- _Activity_
The answer must restate every record word for word.

- _Material supplied_
================================

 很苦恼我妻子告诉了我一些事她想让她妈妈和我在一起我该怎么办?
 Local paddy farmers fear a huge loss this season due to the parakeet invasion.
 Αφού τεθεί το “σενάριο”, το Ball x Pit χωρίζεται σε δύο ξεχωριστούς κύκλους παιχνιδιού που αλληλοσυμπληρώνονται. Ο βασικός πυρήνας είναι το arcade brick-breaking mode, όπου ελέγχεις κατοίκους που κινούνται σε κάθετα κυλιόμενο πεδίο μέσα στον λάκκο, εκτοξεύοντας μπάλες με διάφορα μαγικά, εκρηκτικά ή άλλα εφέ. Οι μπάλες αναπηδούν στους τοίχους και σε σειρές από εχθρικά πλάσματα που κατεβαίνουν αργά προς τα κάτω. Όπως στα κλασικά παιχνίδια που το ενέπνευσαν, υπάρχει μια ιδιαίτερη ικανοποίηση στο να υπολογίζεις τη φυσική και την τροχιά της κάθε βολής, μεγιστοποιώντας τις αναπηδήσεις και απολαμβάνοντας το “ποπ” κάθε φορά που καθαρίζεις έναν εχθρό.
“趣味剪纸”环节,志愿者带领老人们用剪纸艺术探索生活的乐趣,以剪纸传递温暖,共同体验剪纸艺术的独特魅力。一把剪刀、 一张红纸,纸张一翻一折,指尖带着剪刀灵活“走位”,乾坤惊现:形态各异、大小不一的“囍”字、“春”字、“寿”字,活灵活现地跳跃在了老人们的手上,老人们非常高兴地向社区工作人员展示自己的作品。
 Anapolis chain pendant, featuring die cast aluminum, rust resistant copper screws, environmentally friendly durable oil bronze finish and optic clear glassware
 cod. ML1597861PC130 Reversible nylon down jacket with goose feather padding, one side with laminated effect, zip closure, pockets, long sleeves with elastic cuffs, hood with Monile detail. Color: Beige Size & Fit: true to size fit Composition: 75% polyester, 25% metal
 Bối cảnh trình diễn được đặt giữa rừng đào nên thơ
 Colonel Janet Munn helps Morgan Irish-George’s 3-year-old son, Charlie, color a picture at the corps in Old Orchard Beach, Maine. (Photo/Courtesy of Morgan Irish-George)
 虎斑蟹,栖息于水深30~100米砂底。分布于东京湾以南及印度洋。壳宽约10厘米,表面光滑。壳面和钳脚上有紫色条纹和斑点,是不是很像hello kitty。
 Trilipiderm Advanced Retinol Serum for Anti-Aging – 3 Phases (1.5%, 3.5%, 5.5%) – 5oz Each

================================

- _Task solution_
 很苦恼我妻子告诉了我一些事她想让她妈妈和我在一起我该怎么办?
 Local paddy farmers fear a huge loss this season due to the parakeet invasion.
 Αφού τεθεί το “σενάριο”, το Ball x Pit χωρίζεται σε δύο ξεχωριστούς κύκλους παιχνιδιού που αλληλοσυμπληρώνονται. Ο βασικός πυρήνας είναι το arcade brick-breaking mode, όπου ελέγχεις κατοίκους που κινούνται σε κάθετα κυλιόμενο πεδίο μέσα στον λάκκο, εκτοξεύοντας μπάλες με διάφορα μαγικά, εκρηκτικά ή άλλα εφέ. Οι μπάλες αναπηδούν στους τοίχους και σε σειρές από εχθρικά πλάσματα που κατεβαίνουν αργά προς τα κάτω. Όπως στα κλασικά παιχνίδια που το ενέπνευσαν, υπάρχει μια ιδιαίτερη ικανοποίηση στο να υπολογίζεις τη φυσική και την τροχιά της κάθε βολής, μεγιστοποιώντας τις αναπηδήσεις και απολαμβάνοντας το “ποπ” κάθε φορά που καθαρίζεις έναν εχθρό.
“趣味剪纸”环节,志愿者带领老人们用剪纸艺术探索生活的乐趣,以剪纸传递温暖,共同体验剪纸艺术的独特魅力。一把剪刀、 一张红纸,纸张一翻一折,指尖带着剪刀灵活“走位”,乾坤惊现:形态各异、大小不一的“囍”字、“春”字、“寿”字,活灵活现地跳跃在了老人们的手上,老人们非常高兴地向社区工作人员展示自己的作品。
 Anapolis chain pendant, featuring die cast aluminum, rust resistant copper screws, environmentally friendly durable oil bronze finish and optic clear glassware
 cod. ML1597861PC130 Reversible nylon down jacket with goose feather padding, one side with laminated effect, zip closure, pockets, long sleeves with elastic cuffs, hood with Monile detail. Color: Beige Size & Fit: true to size fit Composition: 75% polyester, 25% metal
 Bối cảnh trình diễn được đặt giữa rừng đào nên thơ
 Colonel Janet Munn helps Morgan Irish-George’s 3-year-old son, Charlie, color a picture at the corps in Old Orchard Beach, Maine. (Photo/Courtesy of Morgan Irish-George)
 虎斑蟹,栖息于水深30~100米砂底。分布于东京湾以南及印度洋。壳宽约10厘米,表面光滑。壳面和钳脚上有紫色条纹和斑点,是不是很像hello kitty。
 Trilipiderm Advanced Retinol Serum for Anti-Aging – 3 Phases (1.5%, 3.5%, 5.5%) – 5oz Each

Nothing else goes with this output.